I do have a Schwab debit card which is due to expire 6/19. I called them recently and they said if I don't receive a new one by the end of May - give them a call - otherwise they usually send international cards out via Fedex. They, also, have our one and only legal address which is in Mexico.

Something sounds fishy in your situation. If you have a long standing relationship with BofA, I would call them and update your address to Mexico. Then I might call and tell them I lost my credit card and see what comes of that.


----------



## Isla Verde (Oct 19, 2011)

lat19n said:


> For starters - the one and only address the Bank of America has on file for us is our address in Mexico. That does limit what I can do with them (no investments - not even a CD). My current card expires 12/23.
> 
> I do have a Schwab debit card which is due to expire 6/19. I called them recently and they said if I don't receive a new one by the end of May - give them a call - otherwise they usually send international cards out via Fedex. They, also, have our one and only legal address which is in Mexico.
> 
> Something sounds fishy in your situation. If you have a long standing relationship with BofA, I would call them and update your address to Mexico. Then I might call and tell them I lost my credit card and see what comes of that.



I should let BofA know that I am living in Mexico and give them my Mexican address. Not being able to make investments with them is of no importance to me since I have no extra cash to invest.

My problem does not lie with BofA, but rather with Mexican customs, which according to the information my friend in Philadelphia just learned, will now not let foreign credit cards into the country.

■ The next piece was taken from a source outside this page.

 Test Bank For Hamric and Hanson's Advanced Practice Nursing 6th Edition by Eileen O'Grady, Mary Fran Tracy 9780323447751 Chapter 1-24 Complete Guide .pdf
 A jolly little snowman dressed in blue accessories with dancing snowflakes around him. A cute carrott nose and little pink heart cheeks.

This may be a new regulation. Don't packages and letters sent by Fedex also have to clear Mexican customs? Please let us know when and if you receive your Schwab card.

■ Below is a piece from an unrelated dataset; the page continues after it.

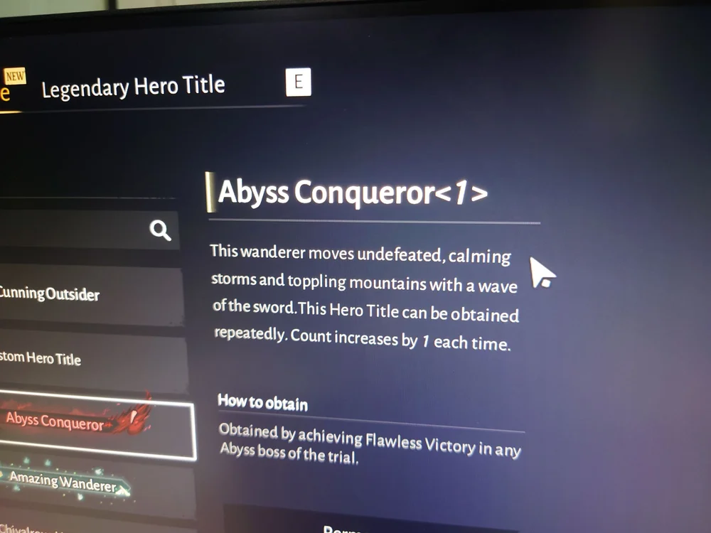 เมื่อได้รับฉายามาจากเควส หรือ ภารกิจใดๆ สามารถนำมาโชว์ได้ โดยไปคลิ๊กตั้งค่าตรงรูป Avartar เราครับ ซึ่งอันนี้จะโชว์ในโหมด Multiplayer ด้วย ใครเจ๋งๆมีฉายาเท่ห์ๆ เอามาโชว์ได้เลยครับ อันที่โหดๆผมว่าอันที่เป็น Abyss Conqueror นี่แหละครับ ได้มาจากการเข้าโหมด 1-1 trail กับบอส แล้วไม่โดนดาเมจเลย ซึ่งท้าทายมากๆ ใครมีเจ้าเลขนี้ stack ขึ้นสูงๆเนี่ย นับเป็นผู้เชียวชาญการ Parry ได้เลยครับ และได้รับความนับถือพอสมควร เห็นเยอะๆสุดนี้ 30 ขึ้นก็มีนะ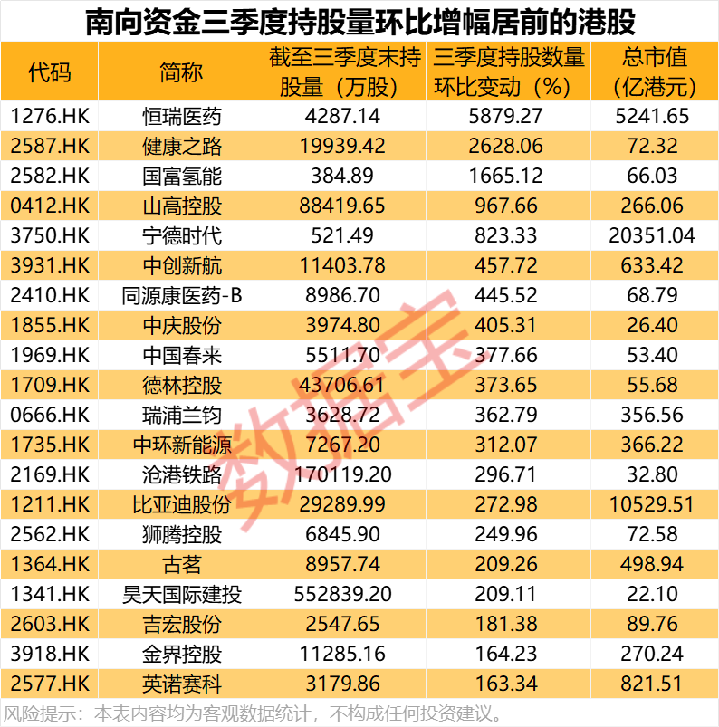 三季度38股获得南向资金持股量环比增长超100%。 南向资金年内净买入超1.1万亿港元 今年以来港股市场主要股指大幅上涨,恒生指数第三季度上涨11.56%,年内涨幅超过30%,恒生科技指数第三季度大涨21.93%,指数创2021年10月以来新高,恒生中国企业指数第三季度上涨10.11%。 据证券时报·数据宝统计,第三季度南向资金合计成交净流入4363.22亿港元,年内已累计净买入11675.15亿港元,超过2023年与2024年净买入金额之和。 多家机构研报认为,港股后续行情值得期待。方正证券研报认为,港股对全球流动性改善、美元走弱及风险偏好修复具备较好响应。从历史统计来看,恒生指数在美联储降息前后普遍出现阶段性反弹。相较标普500指数能够展现出稳定超额收益和较高胜率。另外,跨市场布局港股,均衡配置两地优质资产,有利于降低单一市场政策或情绪冲击影响。 中信建投证券认为,香港金管局6月以来已七度承接港元沽盘,累计承接港元相当于5月流入热钱的70%。预计随美联储降息,港美利差明显缩小下,短期再次触及弱方保证概率不高,流动性紧张有所缓解。同时外资不断上调港股市场及中国资产,外资有望持续流入。 南向资金加仓大型科技股 从上榜每日前十大活跃个股名单来看,三季度共有88只个股上榜,阿里巴巴-W三季度港股通成交总额最高,达到5738.58亿港元,中芯国际、腾讯控股、小米集团-W等5股港股通买卖总额均超过1000亿港元。 阿里巴巴-W三季度持续获得南向资金大手笔加仓,港股通成交总额、成交净买入金额均居于首位,港股通持股量已连续12周上升,续创港股通开通以来新高。三季度阿里巴巴-W持续上涨,累计上涨61.2%,最新总市值已达到3.53万亿港元,成为港股互联网巨头中本轮行情中表现最好的个股。 阿里巴巴日前发布公告,截至2025年9月30日的三季度,阿里巴巴以2.41亿美元回购了1700万股普通股(相当于约200万份美国存托股),这些回购在纽约证券交易所进行。相比于2025年6月30日,公司流通股净减少300万股普通股(约40万份美国存托股),净减少比例为0.02%(已计入股权激励计划下的股份发行)。 从成交净买入金额来看,多只大型科技股三季度获南向资金加仓,其中阿里巴巴-W三季度获南向资金净买入金额最高,达到877.08亿港元。另外美团-W获净买入211.22亿港元,腾讯控股获净买入143.58亿港元。上半年表现亮眼的泡泡玛特三季度遭到港股通抛售,净卖出金额40.74亿港元,居于首位。 行情上来看,前十大活跃个股中,11股三季度涨幅超过100%,药捷安康-B以368.33%的涨幅居首,汇量科技、鸿腾精密、东风集团股份紧随其后,分别为195.49%、171.49%、160.87%。 药捷安康-B三季度股价大幅度波动,该股今年6月23日上市,最低价为上市首日的20.2港元/股,最高价达到679.5港元/股,自最低价的最大涨幅达到3263.86%,9月16日创下最高点后,该股显著回撤,最新价较高点回撤幅度接近80%。 38股获南向资金持股量环比翻倍 从持股量变化来看,三季度38股获得南向资金持股量环比增长超100%,恒瑞医药居首,环比增长5879.27%;其他还有健康之路、国富氢能持股量环比增长1000%以上。 恒瑞医药三季度获得南向资金大手笔加仓,截至9月30日持股量为4287.14万股,7月以来连续三个月港股通持股量增长超过1000万股。恒瑞医药港股于今年5月23日上市,上市以来股价累计涨幅达到113.17%(包含上市首日涨幅),同期恒瑞医药A股涨幅为29.15%,港股表现显著强于A股。 从港股通持股占港股总股数比例来看,截至9月30日,三季度港股通环比增幅超过100%的个股中,长飞光纤光缆、昊天国际建投、一脉阳光持股比例居前,分别达到69.99%、59.78%、43.43%。 |

I will take your advice and call BofA soon.


----------



## Stevenjb (Dec 10, 2017)

You might want to call BofA and report the card missing, have them reissue a new card with a new card number.


----------



## Isla Verde (Oct 19, 2011)

Stevenjb said:


> You might want to call BofA and report the card missing, have them reissue a new card with a new card number.


But how will they get it to me? By Pony Express?


----------



## lat19n (Aug 19, 2017)

Isla Verde said:


> I should let BofA know that I am living in Mexico and give them my Mexican address. Not being able to make investments with them is of no importance to me since I have no extra cash to invest.
> 
> My problem does not lie with BofA, but rather with Mexican customs, which according to the information my friend in Philadelphia just learned, will now not let foreign credit cards into the country. This may be a new regulation. Don't packages and letters sent by Fedex also have to clear Mexican customs? Please let us know when and if you receive your Schwab card.
> 
> I will take your advice and call BofA soon.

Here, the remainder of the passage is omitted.